REPUBLIKA.CO.ID, YOGYAKARTA -- Ketua Pengurus Pusat Muhammadiyah Haedar Nashir menilai tradisi takbir keliling dapat menjadi sarana menanamkan nilai spiritualitas sekaligus menghindarkan generasi muda dari keekstreman.
"Dengan perayaan takbir keliling ini kita juga dapat menyambung silaturahmi sesama umat Islam dengan nuansa perdamaian sehingga dapat menangkal paham-paham ekstrem," kata Haedar seusai melepas kontingen takbir keliling di pelataran Masjid Gedhe Kauman, Yogyakarta, Selasa (5/7) malam.
Menurut dia tradisi takbir keliling yang secara rutin hanya dapat ditemukan di Indonesia itu juga mampu menangkal paham ekstrem masuk di tengah generasi muda. Sebab melalui takbir keliling itu juga mempertemukan simbol-simbol budaya nusantara, bukan hanya simbol keislaman semata.
Selain itu dalam waktu yang bersamaan takbir keliling juga dapat menangkal masuknya paham sekular yang berupaya memisahkan generasi muda dari nilai keagamaan.
"Ini tradisi yang bagus karena sekaligus menjadi saran edukasi dan menanamkan kecintaan anak-anak terhadap nilai keislaman di tengah hegemoni skularisasi melalui berbagai media sosial," kata dia.
Menurut dia peristiwa bom seperti di Madinah, konflik di Suriah, hingga bom di Surakarta dapat ditangkal dan tidak terjadi di Indonesia dengan ekspresi perayaan keislaman melalui tradisi takbir keliling serta halal bi halal yang terus di lestarikan di Indonesia.
Haedar mengatakan, tradisi halal bi halal yang selalu disertai dengan mudik Lebaran seperti di Indonesia juga jarang dijumpai di negara manapun.

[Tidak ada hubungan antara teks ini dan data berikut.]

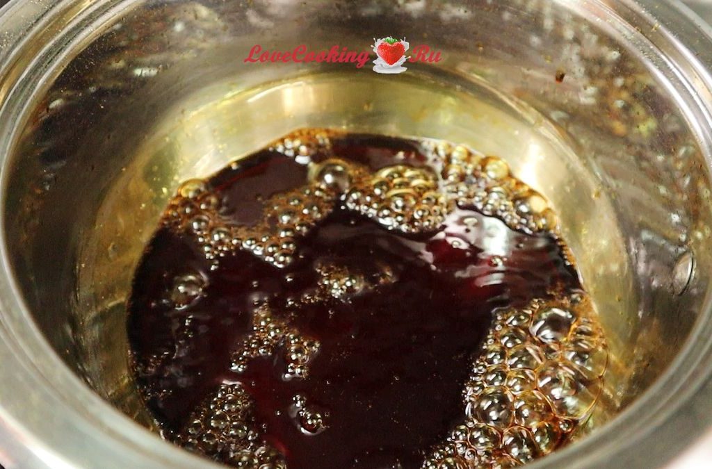 Нагреваем примерно до 85 градусов. Без кухонного термометра сложновато, но исполнимо. В общем, как только масса загустеет, станет глянцевой, прогреваем буквально 3-4 минуты и снимаем с плиты

Melalui tradisi itu masyarakat Indonesia dapat membangun solidaritas kolektif secara langsung. Dalam konteks masyarakat Indonesia, silaturahim secara langsung saat Lebaran tidak dapat digantikan dengan cara yang lain, misalnya hanya dilakukan melalui alat komunikasi atau media lainnya.
"Sebab dengan bertemu langsung ada jiwa yang bertemu. Relasi personal sangat penting dipertahankan di Indonesia, sehingga mampu menangkal watak individualitas dan melanggengkan budaya tolong menolong," kata dia.